Oh, gotcha -- sorry for the misunderstanding. So basically, you like the horizontal approach of a single nlat
and nlon
, and then using the coordinate attribute to note whether it's T-grid or U-grid:
float TEMP(time, z_t, nlat, nlon) ;
TEMP:long_name = "Potential Temperature" ;
TEMP:units = "degC" ;
TEMP:coordinates = "TLONG TLAT z_t time" ;
float UVEL(time, z_t, nlat, nlon) ;
UVEL:long_name = "Velocity in grid-x direction" ;
UVEL:units = "centimeter/s" ;
UVEL:coordinates = "ULONG ULAT z_t time" ;
and are wondering why we can't do the same in z
float TEMP(time, nz, nlat, nlon) ;
TEMP:long_name = "Potential Temperature" ;
TEMP:units = "degC" ;
TEMP:coordinates = "TLONG TLAT z_t time" ;
float WVEL(time, nz, nlat, nlon) ;
WVEL:long_name = "Vertical Velocity" ;
WVEL:units = "centimeter/s" ;
WVEL:coordinates = "TLONG TLAT z_w_top time" ;
float KVMIX(time, nz, nlat, nlon) ;
KVMIX:long_name = "Vertical diabatic diffusivity due to Tidal Mixing + background" ;
KVMIX:units = "centimeter^2/s" ;
KVMIX:coordinates = "TLONG TLAT z_w_bot time" ;
That's a reasonable approach, though given the fact that most of the CESM ocean software engineering is focused on the transition from POP to MOM I don't think it would happen at the model level. So the big question (that I don't have an answer to) is "is it okay if the cloud data differs from the model-generated data available on glade in this manner."
Yes, except that (a) the units attribute would use a controlled vocabulary such as UDUNITS and (b) the coordinates attribute(s) would be URL(s) of machine-readable definitions for each coordinate instead of a human-readable string that lists multiple coordinates and requires prior knowledge or that users RTFM.

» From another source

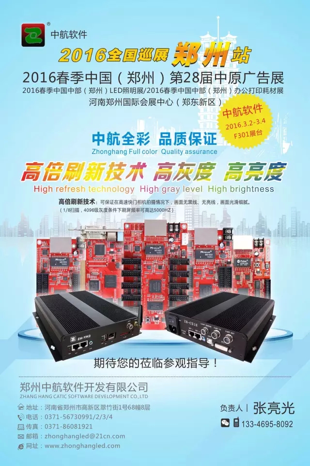 在接下来,成人导航 2016年全国巡展-郑州站展览会上,成人导航 将展示的产品系列有:全彩同步系列,全彩异步系列,门楣全彩,全面升级第六代WIFI系统,GPRS系列等。诚邀您莅临成人导航 展台,把握中部崛起的时机,乘坐中原交通网、陆上丝路,携手铸造2016年新辉煌!

The CF conventions define the axis
attribute explicitly to address this: http://cfconventions.org/Data/cf-conventions/cf-conventions-1.8/cf-conventions.html#coordinate-types
See, for example, their 2D lat lon coordinates example:
dimensions:
xc = 128 ;
yc = 64 ;
lev = 18 ;
variables:
float T(lev,yc,xc) ;
T:long_name = "temperature" ;
T:units = "K" ;
T:coordinates = "lon lat" ;
float xc(xc) ;
xc:axis = "X" ;
xc:long_name = "x-coordinate in Cartesian system" ;
xc:units = "m" ;
float yc(yc) ;
yc:axis = "Y" ;
yc:long_name = "y-coordinate in Cartesian system" ;
yc:units = "m" ;
float lev(lev) ;
lev:long_name = "pressure level" ;
lev:units = "hPa" ;
float lon(yc,xc) ;
lon:long_name = "longitude" ;
lon:units = "degrees_east" ;
float lat(yc,xc) ;
lat:long_name = "latitude" ;
lat:units = "degrees_north" ;
This is the right way to do it. This approach can easily be extended to the Z axis, with multiple different dimension variables (e.g. z_w
, z_t
) all sharing the same axis = "Z"
attribute. Many tools, e.g. xgcm, can parse these conventions.
So POP output is not following CF conventions.
I believe the best path forward for convincing modeling groups to modify their output is to cite the CF conventions document. If we think the CF conventions need some changes, there is also a process for doing that.